Building roads and bridging gender gaps in Samoa


  • In Samoa, work is underway to make vital transport infrastructure safer and more climate resilient.
  • The most recent survey data shows that women make up just 27% of licensed drivers in the Pacific country, so the World Bank is working with Samoa’s Land Transport Authority to help get more women licensed to drive.
  • Hundreds of Samoan women have now passed their learner’s test – with freshly upgraded roads, bridges and highways providing a big motivation to get their license.
Olevia Afa from Samoa

63-year old Samoan, Olevia Afa (right) a Women’s Licensing Project participant, ready to take the wheel with Licensing Officer, Sio Silva. (World Bank/Tom Perry)

There is a quiet revolution happening for many women in Samoa. 63-year-old grandmother Olevia Afa, who lives on the outskirts of Samoa’s capital, Apia, is part of it.

Like many women in her community, Olevia never learned how to drive. In fact, only around one quarter of road users in Samoa are women, and many women — even if they know how to drive — are unlicensed.

Olevia says she never dreamed of driving without a license.
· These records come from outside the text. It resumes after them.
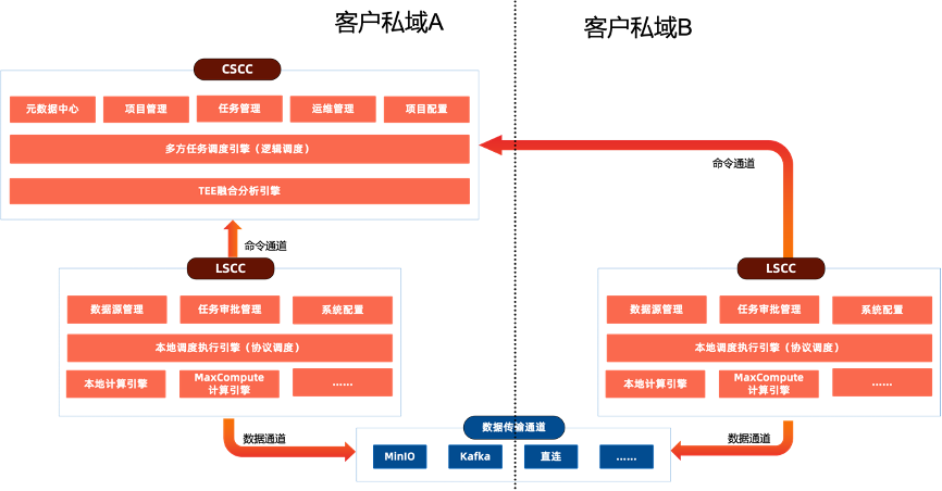 - 云上部署架构:云上部署CSCC,客户在云上VPC或自有IDC机房等私域环境下部署LSCC。优点是各参与方无需部署和运维CSCC,由云平台作为第三方承担协调方的职责,各参与方仅需部署轻量化的LSCC即可完成本地安全计算。
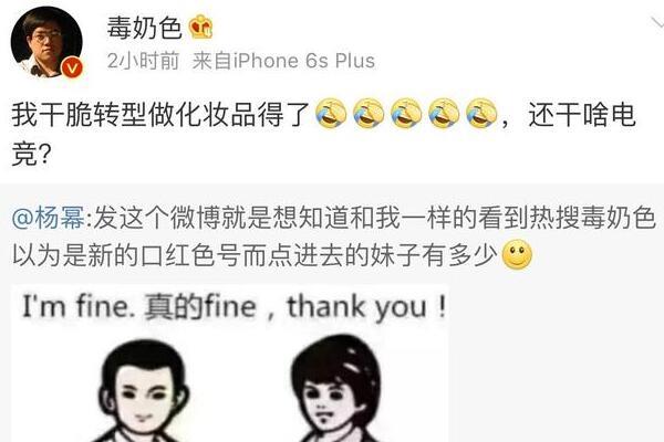 当时黄旭东还转发了杨幂的微博,说自己干脆转型卖化妆品得了,毕竟这个毒奶色还真是非常火哦,说不定热度比自己做电竞解说员还火呢。
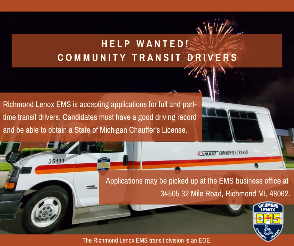 Richmond Lenox EMS is accepting applications for full and part time transit drivers. Candidate must have a good driving record and be able to obtain a State of Michigan Chauffeur's License. Applications can be picked up at the EMS business office located at 34505 32 Mile Road in Richmond.
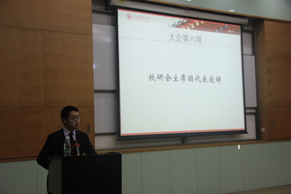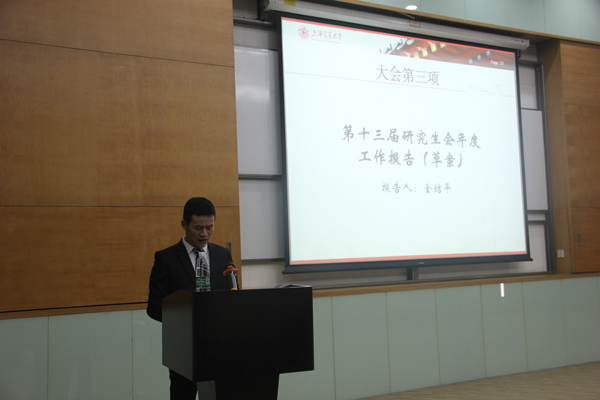 在神圣而庄严的国歌声中,大会拉开了帷幕。第十三届研究生会主席金结平从“立足常规,站好每一班岗”、“学在交大,营造浓厚学术氛围”、“职在必行,关注学生求职发展”、“留学生在身边,感受文化碰撞”、“爱好体育,丰富校园生活”等五个方面回顾了一年以来第十三届研究生会所做的工作。
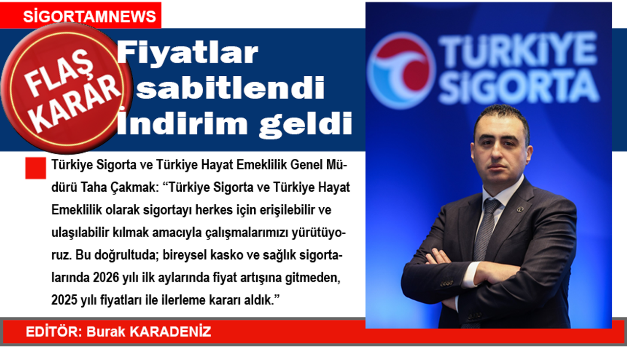 “Türkiye Sigorta ve Türkiye Hayat Emeklilik olarak sigortayı herkes için erişilebilir ve ulaşılabilir kılmak amacıyla çalışmalarımızı yürütüyoruz. Bu doğrultuda; bireysel kasko ve sağlık sigortalarında 2026 yılı ilk aylarında fiyat artışına gitmeden, 2025 yılı fiyatları ile ilerleme kararı aldık."
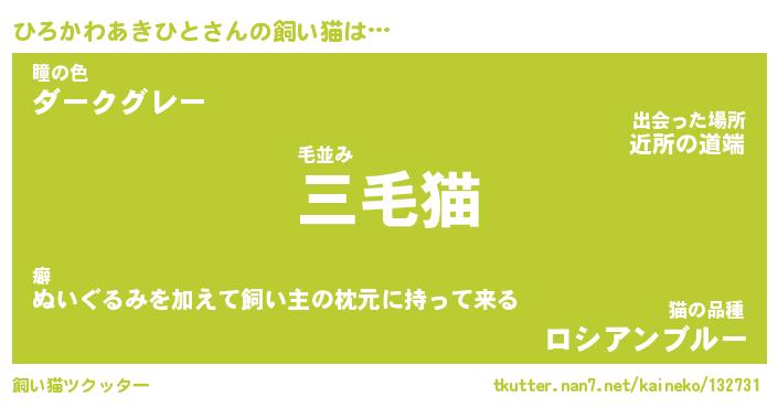 | 猫 | 猫の名前『ひろひろにゃん』性別『♀』 |

But the bus service is unreliable and often crowded, and it’s difficult for her to afford a taxi fare, so if she needed to travel long distances, she had to rely on her husband to drive her. She often worried that if her husband was ill and unable to drive, she wouldn’t be able to care for him or herself.

Upon learning about the program through a friend, Olevia was quick to enrol. The overwhelming response saw 100 spots filled within minutes, and over 300 women eventually registered, showcasing the high demand.

Galumalemana Titi Tutuvanu-Schwalger, CEO of Samoa’s Land Transport Authority, was struck by the immense interest, “We [quickly] reached our quota of 100, not only just here in Upolo, but also in Sa’avai,” she said. The response led to expanding the program, “for the sake of world peace … we decided to allow registration of all the women that came to our offices to register,” she added with a laugh.

Titi clarified that there's no cultural barrier to women driving in Samoa. It’s more about women not having the time or prioritizing themselves last.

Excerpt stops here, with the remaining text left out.